5 Electrical grids are placed 1m apart and connected to batteries so that the grids are at 0V, +100V, -10V, +45V, and +75V. A dust particle with mass of 1mg and a charge of -5e enters the first grid with a KE of 100eV.
A: Will the dust particle have enough energy to make it all the way to the last grid? If not, how much extra KE does it need?
B: With the energy from part A adjusted as necessary to allow the dust particle to make it through, what KE will it have at each of the five grids, in eV?
C: What will be the velocity of the particle in m/s when leaving the 5th grid?
To answer these questions, we need to consider the energy changes as the dust particle moves through the electrical grids. Let's break it down step by step.
A: Will the dust particle have enough energy to make it all the way to the last grid? If not, how much extra KE does it need?
To determine if the particle has enough energy, we need to calculate the total potential energy change across all the grids. The potential energy change is given by the equation: ∆PE = q∆V, where q is the charge (in coulombs) and ∆V is the potential difference (in volts).
In this case, the charge of the dust particle is -5e (negative because it is negatively charged) and the potential differences are as follows:
∆V1 = 100V (difference between the first grid and the reference point),
∆V2 = -10V,
∆V3 = 45V,
∆V4 = 75V,
∆V5 = 0V (last grid).
Let's calculate the total potential energy change:
∆PE_total = q(∆V1 + ∆V2 + ∆V3 + ∆V4 + ∆V5)
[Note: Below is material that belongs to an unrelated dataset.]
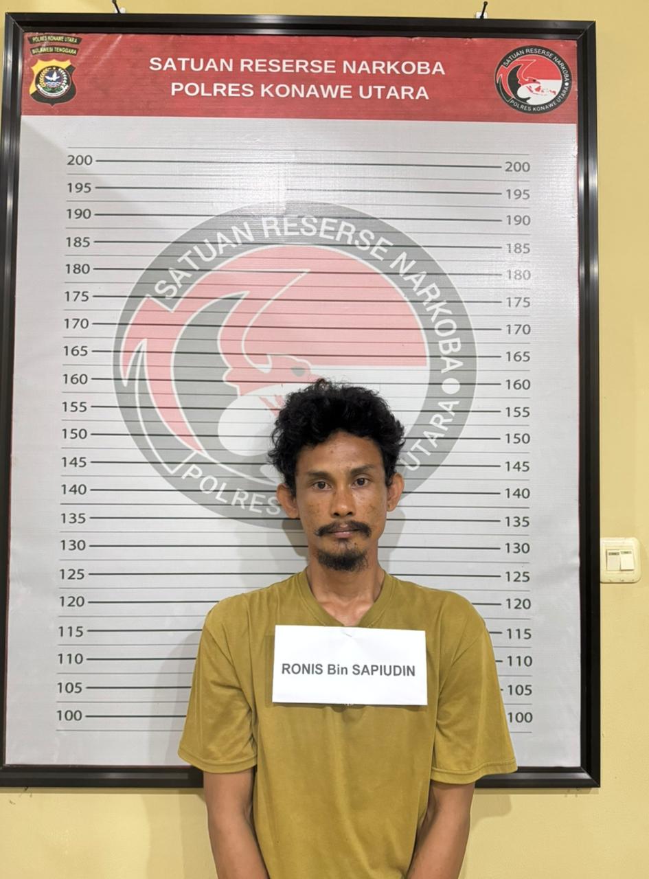 Tim Opsnal Sat Resnarkoba Polres Konawe Utara bergerak cepat setelah menerima laporan masyarakat terkait aktivitas mencurigakan yang diduga sebagai transaksi narkoba. Pada Rabu (15/4/2026) sekitar pukul 17.00 WITA, aparat berhasil mengamankan seorang pria berinisial RONIS (30) tanpa perlawanan.

= (-5e)(100V - 10V + 45V + 75V + 0V)
= (-5e)(210V)
= -1050eV
Since the potential energy change is negative, it means the particle loses energy as it moves through the grids. So, the dust particle does not have enough energy to make it all the way to the last grid.
To calculate how much extra KE it needs, we can use the conservation of energy. The initial KE of the particle is given as 100eV. The total energy should be conserved, so the sum of the initial KE and the extra KE needed should equal the total potential energy change (which is negative).
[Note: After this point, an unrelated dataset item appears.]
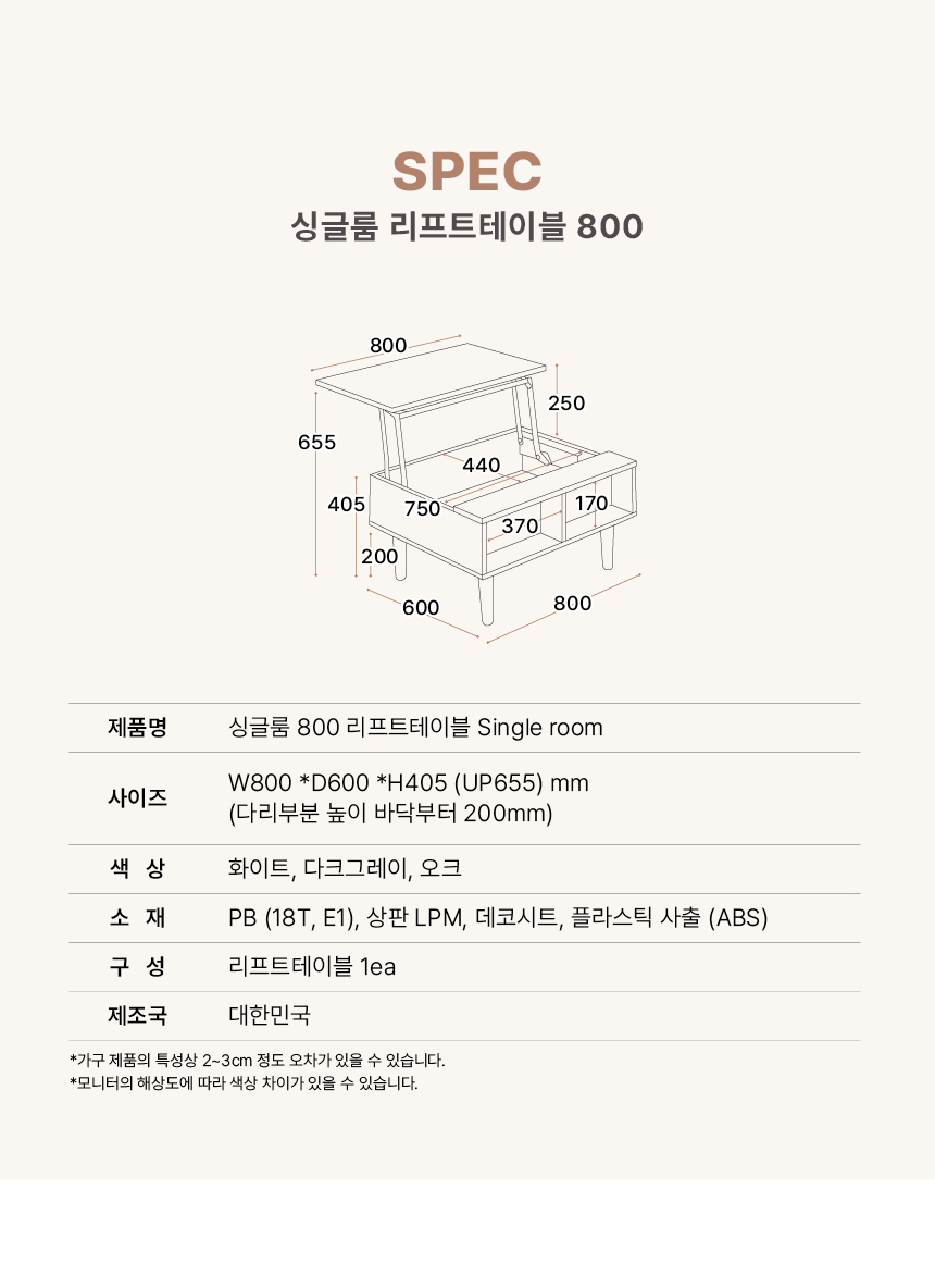 마홀앤 싱글룸 800 리프트업 테이블

Extra KE needed = -∆PE_total - initial KE
= -(-1050eV) - 100eV
= 1050eV - 100eV
= 950eV
Therefore, the dust particle needs an extra 950eV of kinetic energy to make it through all the grids.
B: With the energy from part A adjusted as necessary to allow the dust particle to make it through, what KE will it have at each of the five grids, in eV?
To answer this question, we need to distribute the extra KE of 950eV across the grids based on the potential differences.
Since the particle starts with 100eV of KE, the remaining 950eV will be distributed as follows:
KE1 = initial KE + extra KE1 (between the first and second grid)
= 100eV + ∆PE1 (where ∆PE1 is the potential energy change across the first grid)
= 100eV + (-5e)(100V)
= 100eV - 500eV
= -400eV (negative sign because it loses energy)
KE2 = KE1 + ∆PE2
= -400eV + (-5e)(-10V)
= -400eV + 50eV
= -350eV
KE3 = KE2 + ∆PE3
= -350eV + (-5e)(45V)
= -350eV - 225eV
= -575eV
KE4 = KE3 + ∆PE4
= -575eV + (-5e)(75V)
= -575eV - 375eV
= -950eV
KE5 = KE4 + ∆PE5
= -950eV + 0eV
= -950eV
Therefore, the KE at each of the five grids will be:
KE1 = -400eV
KE2 = -350eV
KE3 = -575eV
KE4 = -950eV
KE5 = -950eV
C: What will be the velocity of the particle in m/s when leaving the 5th grid?
To calculate the velocity of the particle, we can use the equation: KE = (1/2)mv^2, where m is the mass of the particle (1mg) and v is the velocity.
Since the mass of the particle is 1mg (0.001g = 0.000001kg), and the KE at the 5th grid is -950eV, we can convert the KE to joules and solve for v:
KE5(J) = -950eV * (1.6 x 10^-19 J/eV)
= -1.52 x 10^-16 J
KE5(J) = (1/2)mv^2
-1.52 x 10^-16 J = 0.5 * 0.000001kg * v^2
v^2 = (-1.52 x 10^-16 J) / (0.5 * 0.000001kg)
v^2 = -3.04 x 10^-10 m^2/s^2
Taking the square root, we find:
v = sqrt(-3.04 x 10^-10 m^2/s^2)
Note that the negative sign indicates the direction of charge (negative). However, taking the square root of a negative value results in an imaginary number. Therefore, the velocity cannot be calculated using this method.
In conclusion, since we cannot accurately determine the velocity using the given information, we need additional information or approach this problem from a different angle.